Screw this guy. “Yo, Victor, be a person for one minute. I don’t know if you know, but I’m seventeen. Three weeks from my eighteenth birthday. Doesn’t it piss you off that I’ll never go to college? Get married? Have kids? Travel? Doubt it. You’re just chilling on your little throne in your little office because you know you got another few decades ahead of you, right?”

Victor clears his throat. “You want me to be a person, Rufus? You want me to get off my throne and get real with you? Okay. An hour ago I got off the phone with a woman who cried over how she won’t be a mother anymore after her four-year-old daughter dies today. She begged me to tell her how she can save her daughter’s life, but no one has that power. And then I had to put in a request to the Youth Department to dispatch a cop just in case the mother is responsible, which, believe it or not, is not the most disgusting thing I’ve done for this job. Rufus, I feel for you, I do. But I’m not at fault for your death, and I unfortunately have many more of these calls to make tonight. Can you do me a solid and cooperate?”

Damn.

I cooperate for the rest of the call, even though this dude has no business telling me anyone else’s, but all I can think about is the mother whose daughter will never attend the school right behind me. At the end of the call Victor gives me that company line I’ve grown used to hearing from all the new TV shows and movies incorporating Death-Cast into the characters’ day-to-days: “On behalf

of Death-Cast, we are sorry to lose you. Live this day to the fullest.”

I can’t tell you who hangs up first, but it doesn’t matter. The damage is done—will be done. Today is my End Day, a straight-up Rufus Armageddon. I don’t know how this is gonna go down. I’m praying I don’t drown like my parents and sis. The only person I’ve done dirty is Peck, for real, so I’m counting on not getting shot, but who knows, misfires happen too. The how doesn’t matter as much as what I do before it goes down, but not knowing is still freaking shaking me; you only die once, after all.

Maybe Peck is gonna be responsible for this.

I walk back over to the three of them, fast. I pick Peck up by the back of his collar and then slam him against the brick wall. Blood slides from an open wound on his forehead, and I can’t believe this dude threw me over the edge like this. He should’ve never run his mouth about all the reasons Aimee didn’t want me anymore. If that’d never gotten back to me, my hand wouldn’t be around his throat right now, getting him even more scared than I am.

“You didn’t ‘beat’ me, okay?
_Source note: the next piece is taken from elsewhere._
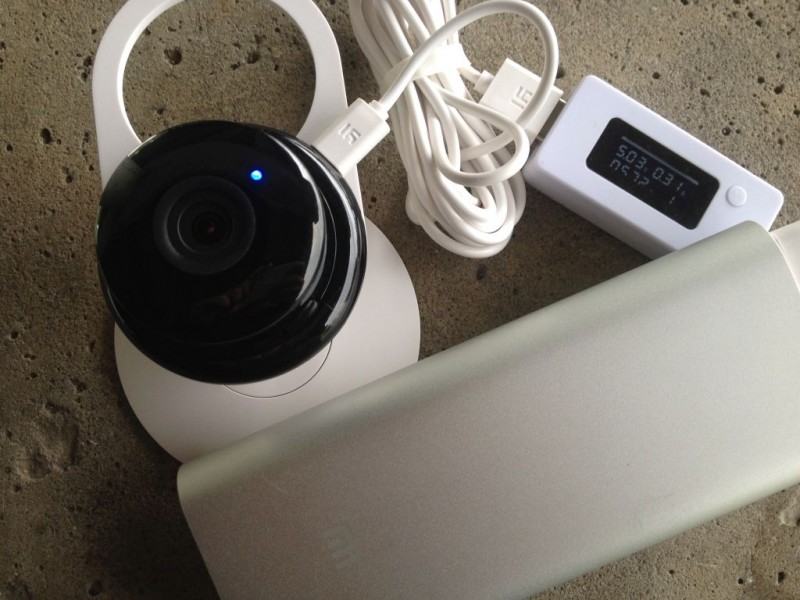 В данной камере нет встроенного аккумулятора, но желание что-нибудь измерить есть. Поэтому решил проверить сколько камера кушает в подключенном режиме и при записи видео. Для этого достал с полки Xiaomi 16000mah и измерительный прибор. Народный USB-тестер показал зачение 0.3А Изредка оно колебалось от 0.25А до 0.34А Кстати, первоначально при включении индикатор на камере горит оранжевым цветом. Как только соединилась камера с телефоном яркий диод меняется на голубой.
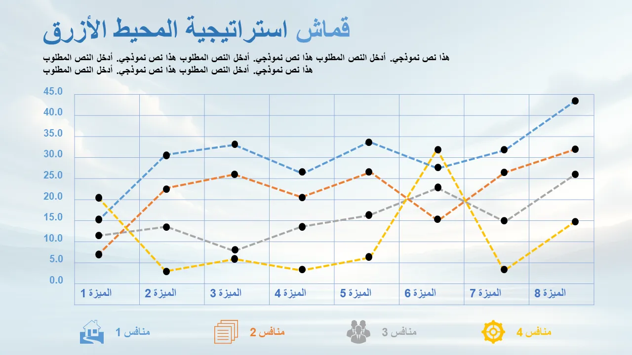 تم تصميم قالب PowerPoint الاحترافي هذا لمساعدة الشركات على تصور وتنفيذ التمايز الاستراتيجي من خلال إطار عمل إستراتيجية المحيط الأزرق. فهو يوفر تصميمًا نظيفًا وحديثًا يرشد المستخدمين إلى تحديد مساحات السوق غير المتنازع عليها وإنشاء طلب جديد. يعد هذا القالب مثاليًا للمديرين التنفيذيين والاستشاريين والاستراتيجيين، حيث يعمل على تبسيط مفاهيم إستراتيجية العمل المعقدة إلى أداة مرئية قابلة للتنفيذ.

Aimee didn’t split with me because of you, so get that out of your head right now. She loved me and we got complicated, and she would’ve taken me back eventually.” I know this is legit—Malcolm and Tagoe think so too. I lean in on Peck, looking him dead-on in his only good eye. “I better never see you again for the rest of my life.” Yeah, yeah. Not much life left. But this dude is a fucking clown and might get funny. “You feel me?”

Peck nods.

I let go of his throat and grab his phone out of his pocket. I hurl it against the wall and the screen is totaled. Malcolm stomps it out.

“Get the hell out of here.”

Malcolm grabs my shoulder. “Don’t let him go. He’s got those connections.”
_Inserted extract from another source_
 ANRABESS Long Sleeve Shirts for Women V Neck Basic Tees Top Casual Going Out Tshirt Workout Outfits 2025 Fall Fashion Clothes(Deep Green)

Peck slides along the wall, nervous, like he’s scaling across some windows high up in the city.

I shake Malcolm off my shoulder. “I said get the hell out of here.”

Peck takes off, running in a dizzying zigzag. He never looks back once to see if we’re coming for him or stops for his comics and backpack.

“I thought you said he’s got friends in some gang,” Malcolm says. “What if they come for you?”